The contents of the Concentrate Syringe were then transferred to the Corase® Syringe (thus containing 15mls of concentrated lipoaspirate with centrifuged pellets from all four centrifuged Transfer Syringes). The Corase® Syringe was then placed into an incubating rocking platform shaker (VWR, Radnor, PA) at 370C for 20 minutes at tilt level of "6" and tilt speed of "30." Half of the contents of the Corase® Syringe was then transferred to each of two Transfer Syringes. To these syringes, 20 ml of saline (provided as a part of the Reviticell Kit) was added and subsequently centrifuged for 3 minutes. The resultant pellet, also defined as the stromal vascular fraction or SVF, in the bottom of each syringe was then collected and combined for culture.

Method of ASC expansion

The SVF was added to 6 MLS of animal component free defined media (MesenCult™-ACF basal medium #05451 and 5X supplement #05452, STEMCELL Technologies, Vancouver, Canada) in a T-25 culture flask (pre-treated with attachment substrate, STEMCELL Technologies, #05444. Flask: VWR, Nunclon tissue culture flask #470174-450) and incubated at humidified 5% carbon dioxide. Half media change was performed at day 3. The plastic adherent monolayer of ASCs was then expanded for10 days. At this stage, ASCs were harvested for differentiation stimulation, while one aliquot was passaged to a new T-25 culture flask for further expansion without differentiation (media remained the animal component free defined media).

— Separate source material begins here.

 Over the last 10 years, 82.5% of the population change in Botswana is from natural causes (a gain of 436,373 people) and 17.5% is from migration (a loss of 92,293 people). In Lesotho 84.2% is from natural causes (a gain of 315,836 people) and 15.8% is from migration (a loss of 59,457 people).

Tri-lineage differentiation

Expanded cells were dissociated from the culture flask (Mesencult™-ACF Dissociation Kit #05426, STEMCELL Technologies). ASCs were first passaged and seeded on six-well culture plates at approximately 100,000 cells per well (for the osteogenic and adipogenic differentiation and approximately 100,000 cells to the coned tube for the chondrogenic differentiation). After attachment, cells were grown to confluence for the good cultures (the chondrogenic lineage confluence could not be examined due to the coned tube in which the cell resided). Each differentiation population received lineage inducing conditioned media. No cell counts were obtained beyond the initial seeding.

For osteogenic differentiation, basal growth media was exchanged for conditioned osteogenic differentiation medium (STEMCELL Technologies, Mesencult™ Osteogenic Stimulatory Kit #05404). Alizarin Red (Sigma-Aldrich) staining was performed (to specifically stain for calcium) on day 14 and photomicrographs were obtained using whole field bright-light microscopy captured at 15x.

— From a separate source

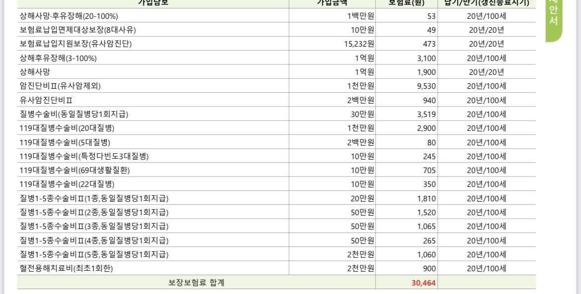 현시점 많은 사람들이 선호하는20대 여자보험으로 가성비 좋게 가입할 수 있는금액대로 준비했습니다가성비 좋게 구성한 플랜으로흔히 볼 수 있는 골절진단,깁스치료 등얼마든지 추가 가능하고 비용도 크지 않지만위에 말씀드렸듯이 처음 준비하시는 분들을대상으로 설계했습니다현재 가장 많은 사람들이 준비하고 있는암,뇌,심장에 대한 진단비와갑작스러운 상해나 질병에 대비할 수 있는1-5종 수술비로 가장 기본이 되는보장들 위주로 구성된 가성비 플랜입니다 요즘은 뇌혈관,허혈성 수술비도 중요해서많은 분들이 챙겨가고 있습니다뇌와 심장쪽에 문제가 생겨서수술을 하게 되면스텐트라는 기구를 삽입하여혈액순환을 원활하게 도와주는시술을 하게 되는데요하지만 이 시술은 영구적인 것이 아닌주기적으로 교체가 필요하기 때문에매회지급 받을 수 있는 수술비도함께 가져가는 것을 추천드리고 있습니다 바로 30대 여성 기준으로도 보겠습니다

For adipogenic differentiation, basal growth media was exchanged for conditioned adipogenic differentiation medium (STEMCELL Technologies, Mesencult™ Adipogenic Differentiation Medium #05412). Oil red O (Sigma-Aldrich) staining was performed (to specifically stain the lipid droplets) on day 14 and microphotographs were obtained using whole field bright-light microscopy captured at 30x.

For chondrogenic differentiation, basal growth media was exchanged for conditioned chondrogenic differentiation medium (STEMCELL Technologies, Mesencult™ Chondrogenic Differentiation Medium #05455). Culturing took place at the coned bottom of a polypropylene 15ml tube. Alcian Blue / Nuclear Fast Red (Sigma-Aldrich) staining was performed (to specifically stain sulfated proteoglycans) on day 14 and micrographs were obtained. The micromass sphere was photographed by indirect microscopy.

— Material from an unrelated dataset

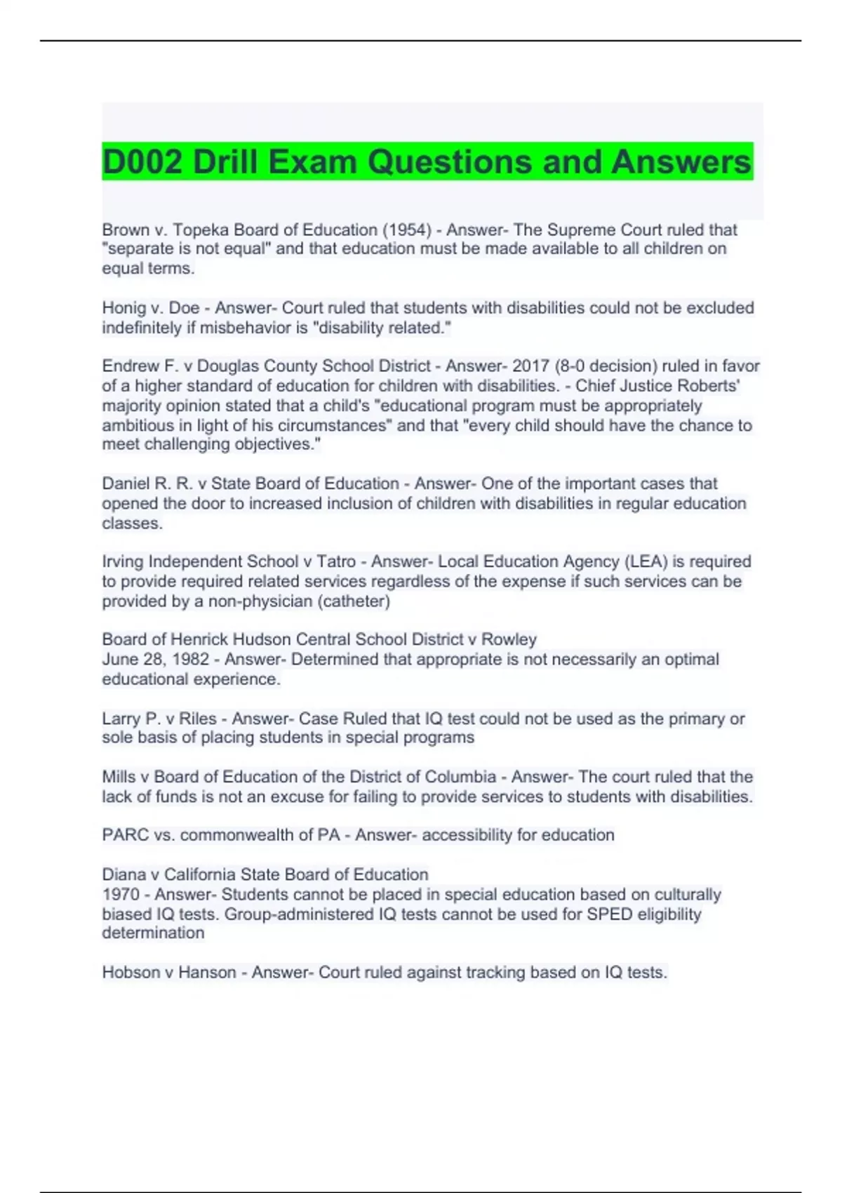 D002 Drill Exam Questions and Answers

Secreted VEGF-A165 immunoassay

At days 7, 14, and 21of culture within the differentiation and non-differentiation media, equal aliquots of media were collected, diluted 1:1 with sterile PBS and immunoassay using luminescence analysis for VEGF using Human Luminex Performance Assay Kit (R& D Systems, Minneapolis, MN, #LUH000). This anti-VEGF-A assay detects isoforms of VEGF-A121, 165, and 189 without cross-reactivity for VEGF -B, -C, or -D, according to the manufacturer. Standard cocktails 1 & 2 were reconstituted in RD6-40 and serially diluted, per the manufacturer's instructions. A 96-well microtiter plate was used and 100 μL of wash buffer was added to pre-wet the plate, 50 μL of microparticle bead mixture and 50 μL of standard or samples were added and incubated at room temperature for 3 hours on a horizontal orbital microplate shaker (0.12" orbit) set at 500 ± 50 rpm. After incubation, the liquid was removed and wells were washed 3X with buffer (100 μL). Then, 50 μL of diluted Biotin Antibody Cocktail was added to each well and incubated for 1 hour at room temperature on the shaker and washed 3X with buffer. Next, 50 μL of diluted Streptavidin-PE was added to each well and incubated for 30 minutes at room temperature before each well was washed 3X with buffer (100 μL). After resuspending the microparticles in 100μL of a buffer, the plates were incubated for 2 minutes and read on a Luminex 100 IS flour analyzer (Luminex, Inc., Northbrook, IL). A known concentration of human recombinant VEGF was included in each run as a positive control and the concentration of unknown samples was calculated from a five-parameter logistic (5-PL) curve-fit using a standard Sigma plot. Media only serves as a control for all test samples and wash buffer alone serves as blank for the experiment. A standard curve for analytes was generated using Sigma plot software capable of generating five parameters (5-PL) logistic curve. VEGF levels were expressed as pg/ml.

Secreted VEGF-A165osteogenic APC immunocytochemistry

On culture day 21, osteogenic APCs underwent qualitative immunocytochemistry for the presence of VEGF-A165. The Thermo Scientific Ultravision Detection System (catalog # TR-015-HD) was used to conjugate a primary VEGF antibody (Thermo Scientific RB-9031-R7-A) through streptavidin-biotin immune-enzyme detection with resultant chromogenic 3,3'diaminobenzidine (DAB) expression for microscopy. According to the manufacturer, the primary VEGF antibody reacts with the 165, 189, and 121 amino acid splice variants of the human VEGF with expected staining of the cytoplasm, cell surface, and extracellular surface. Specimen processing proceeded according to the respective Instructions For Use except that the APCs remained in culture and were not formalin fixed.


After expansion for 10 days in vitro(see figure 2), ASCs were passaged and underwent progenitor stimulation (osteogenic, adipogenic, and chondrogenic). Similarly, the osteogenic and adipogenic lineages grew to 80% confluence at day 10 and with complete confluence at about day 14. All progressed to representative phenotypic functional mature differentiation, as positively stained on differentiation culture day 14 (see figure 3).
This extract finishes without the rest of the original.